My fascination about such pieces is that they *invariably* assume that the sophisticated theology that they ridicule ‘new atheists’ and others for knowing nothing about is the theology of *their own particular* flavor of religion – i.e. Christianity. The faith they grew up with. What presumption! How do they know that perhaps one of the many *other* religious traditions around the world today, or throughout history, isn’t the right one?
Needless to say, evidence is not involved. Nor have these critics in any way indicated that they have studied the theology of all of those other religions before having concluded they can be dismissed. They’re only trying to defend their own traditions. I needn’t study theology, or investigate the arcane complexities of astrological methods, to dismiss both belief in gods, and astrology.

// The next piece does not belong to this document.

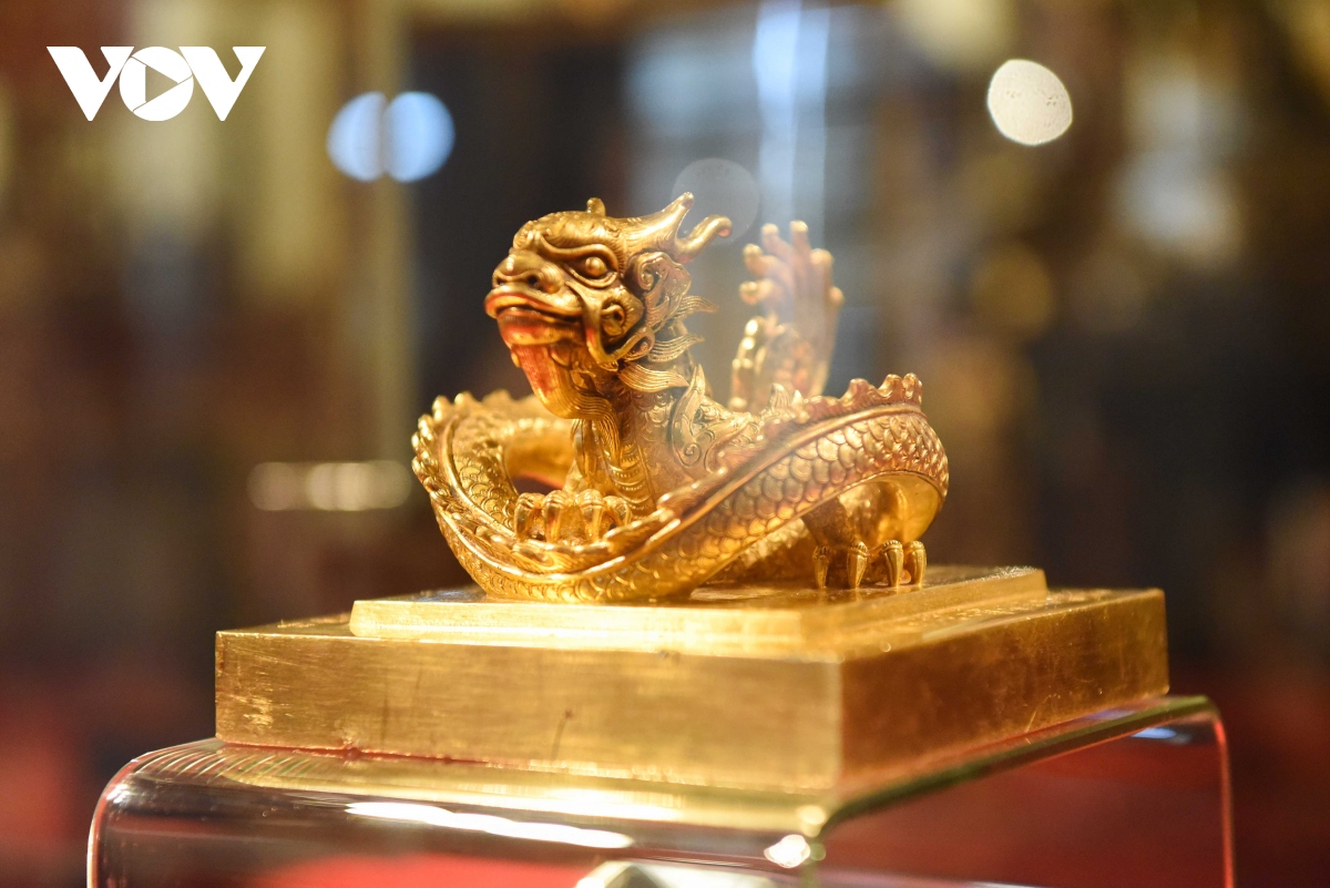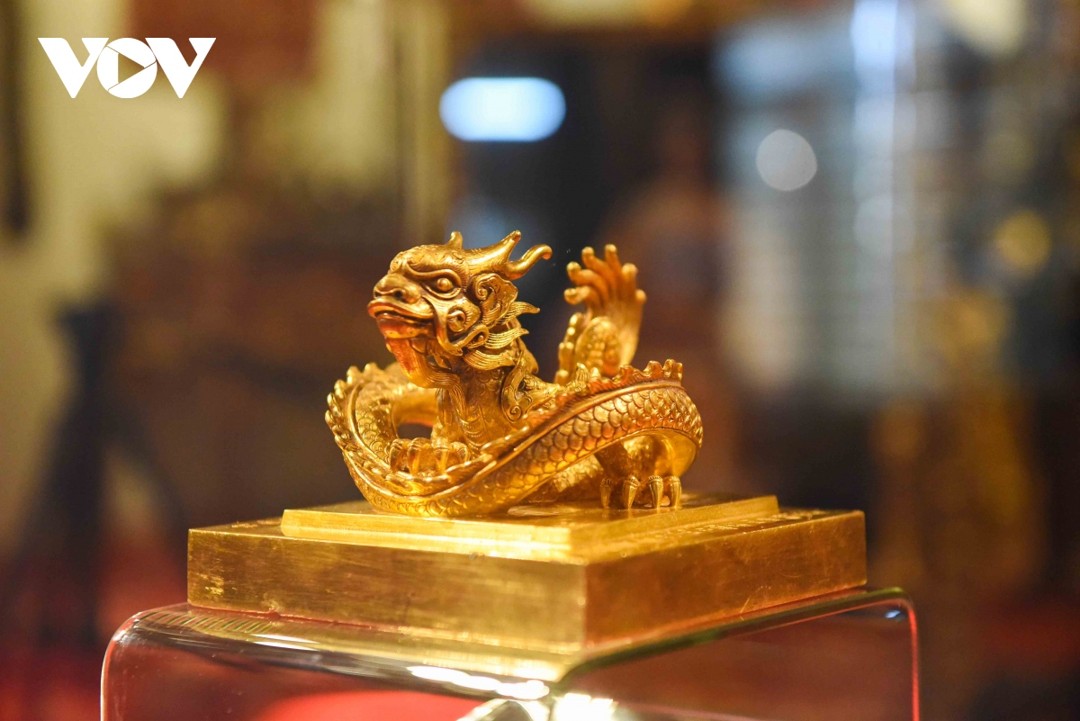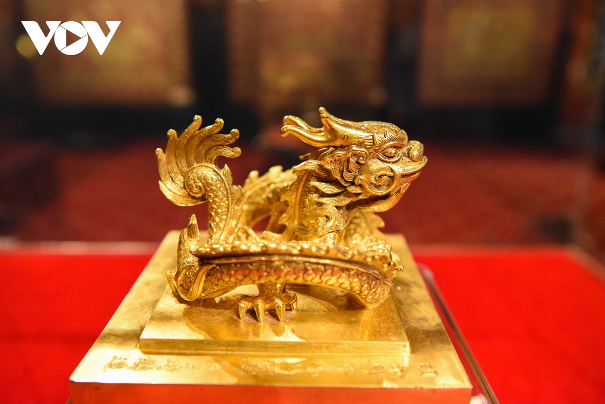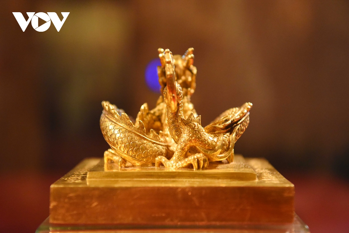 Ấn vàng " Hoàng đế chi bảo" được chạm khắc tinh xảo, là đỉnh cao của nghệ thuật chạm khắc.
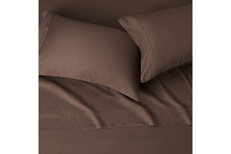 Amazon Basics Lightweight Super Soft Easy Care Microfiber 4-Piece Bed Sheet Set with 14-Inch Deep Pockets, Cal King, Chocolate

Because the effective way of understanding the universe, the one that works, that has generated our modern technological civilization, is inconsistent with both.
The second flaw in apologist arguments like this is that they ridicule atheistic dismissals of religion myths like the belief that the universe was literally created in 6 days. Pshaw, this writer says; sophisticated theologians haven’t thought this in millennia. Maybe not– but that ignores the evidence that a surprising percentage of the current American population *does* believe such literal Biblical myths. These apologists who criticize the atheists seem to think they can define what proper religion is. But it’s the religion of the masses, according to these polls, that writers like Dawkins are addressing.
There must be a term, one of those psychological biases perhaps, that applies to this – the lack of recognition that one’s own personal experience isn’t the default position for everyone else in the world to accept, lest they be charged ignorant of theology. I need to capture this bias; it is a principle theme of my own worldview, via science fiction, that the world, the universe, is vaster and more complex than any particular parochial point of view, and the likelihood of your childhood faith being the one true religion (or theology) is vanishingly small. For all practical purposes, dismissible.